Earlier this week we caught word that Flesh Produce booked a weekend of NYC shows. We saw it as a Halley's Comet like affair seeing that the group was traveling all the way from their home in Seattle. Some of our editorial staff has Seattle roots and the music from the Pacific Northwest holds a special place in our hearts. We made sure to catch them with Murder Pact, Lotus Path, and Kissbreaker on January 12th at Trans Pecos in Queens.

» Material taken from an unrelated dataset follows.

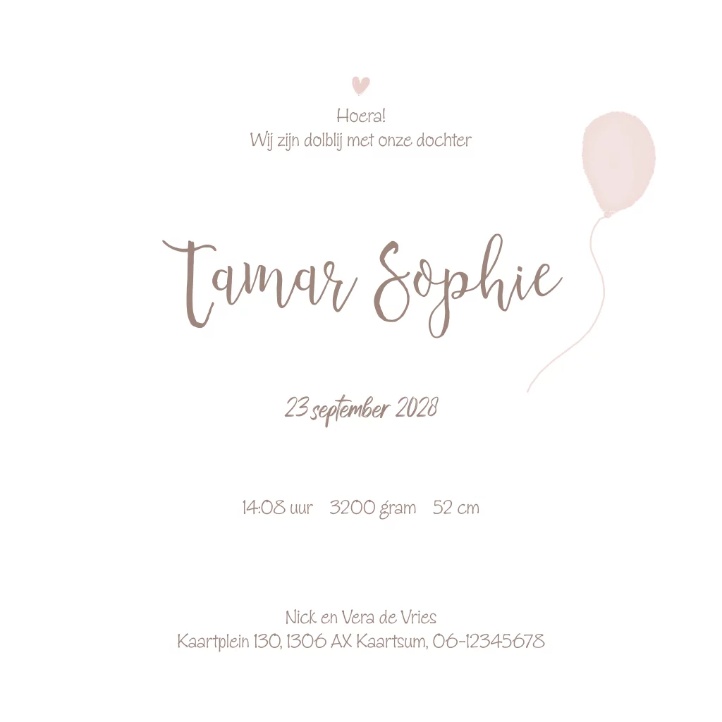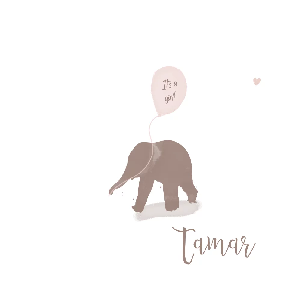Geboortekaartje met een olifantje en een ballon.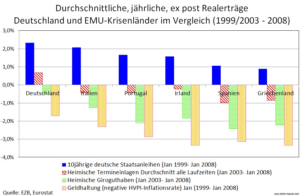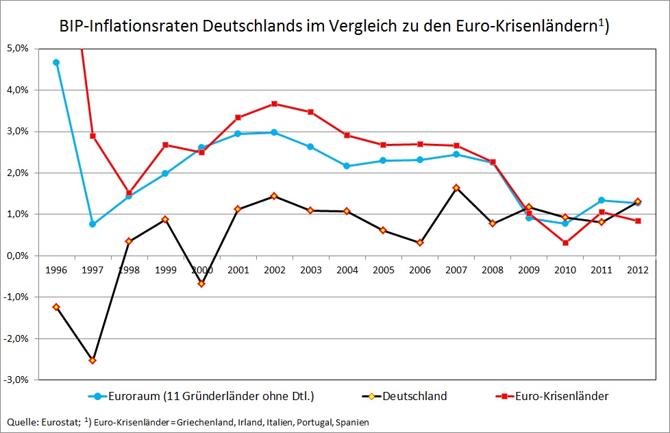 Fatal an dieser Entwicklung war, dass kein Mechanismus in Gang kam, der die wachsenden Ungleichgewichte stoppte. Im Gegenteil, es kam zunächst zu einer sich selbst verstärkenden Verschuldungsspirale: Da die Kredite, die aus Deutschland abflossen in den Empfängerländern zu einem erheblichen Teil für den Kauf „nichthandelbarer“ Güter und Dienstleistungen (z.B. Immobilien und Dienstleistungen des Bauhandwerks) verwendet wurden, resultierte dort stets eine Überschussnachfrage, die nicht durch Importe befriedigt werden konnte. In Deutschland kam es tendenziell zu einer Nachfragelücke, da ein Teil der Kredite nicht in Form von Exportnachfrage „zurückfloß“. Im Ergebnis verfestigten sich also die Inflationsdifferenzen und damit auch die Differenzen zwischen den Realzinsen.

The night opened up with Kissbreaker. It started with the solo vocalist pressing a button on a laptop and ended in a deafening barrage of chopped up Jungle breakbeats, thick haze, and screaming. It was a digital cardiac arrest of sound. The movie series The Matrix often featured a menacing flying machine, called a Sentinel, with a thousand eyes and octopus like tentacles. We kept getting flashes of this image in our mind during the set and felt like we were experiencing this machine's inner monologue.

Kissbreaker seeing red

Lotus Path was next, a five piece band that provided the theme music to a frenzied pit of moshing bodies. People crashed into each other like they were trying to split the atom. Songs switched from breakneck, to half time, to headbanging on a dime. Moshers jostled and some got tripped up. If anyone fell to the ground though, at least six hands instantly materialized to pick them back up onto their feet.

Lotus Path

Flesh Produce flew nearly 2,500 miles for their set and proceeded to put on a clinic of complete rhythmic mania. Their drummer sounded like three drummers, unleashing hysterically fast blast beats while also triggering warping samples effortlessly. This duo of drums and vocals was locked in and metronomically perfect. They were also undeniably fun. No territory was off limits, the vocalist strutted around the stage, jumped into the pit, and at one point climbed the top of a seating booth to crouch like a skyscraper's Gargoyle and spit their lines.

Clean up on isle 8

Murder Pact was another duo, this time a drummer and what we can only describe as a soundscape sculptor. They delivered their set in near darkness except for thin beams of color flickering from the ceiling. The set felt wonderfully dystopian. Many twisted and contorting sounds of pure instrumental overstimulation eventually gave way to meditation in the thick fog. Beneath the many layers of complexity was a surprisingly simple backbeat that we anchored our groove to.